◆ **RECORDED INFORMATION**
____
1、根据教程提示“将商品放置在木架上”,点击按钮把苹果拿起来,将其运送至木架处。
____
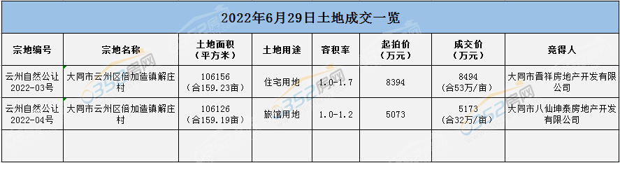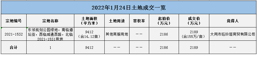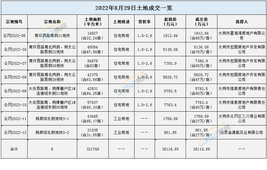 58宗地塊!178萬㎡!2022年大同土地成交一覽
____
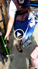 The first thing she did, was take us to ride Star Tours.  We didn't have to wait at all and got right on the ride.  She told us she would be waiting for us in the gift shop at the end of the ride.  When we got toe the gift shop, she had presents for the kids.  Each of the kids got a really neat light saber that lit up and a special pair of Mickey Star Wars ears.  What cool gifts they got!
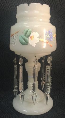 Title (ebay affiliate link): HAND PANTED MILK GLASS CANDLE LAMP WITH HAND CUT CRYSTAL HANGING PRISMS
____
Starting at the line above that holds "The first thing", return each line up to and including the one that holds "Title (ebay affiliate", exactly as written, minus any pictures.

◆ **SOLUTION BELOW**
 The first thing she did, was take us to ride Star Tours.  We didn't have to wait at all and got right on the ride.  She told us she would be waiting for us in the gift shop at the end of the ride.  When we got toe the gift shop, she had presents for the kids.  Each of the kids got a really neat light saber that lit up and a special pair of Mickey Star Wars ears.  What cool gifts they got!
 Title (ebay affiliate link): HAND PANTED MILK GLASS CANDLE LAMP WITH HAND CUT CRYSTAL HANGING PRISMS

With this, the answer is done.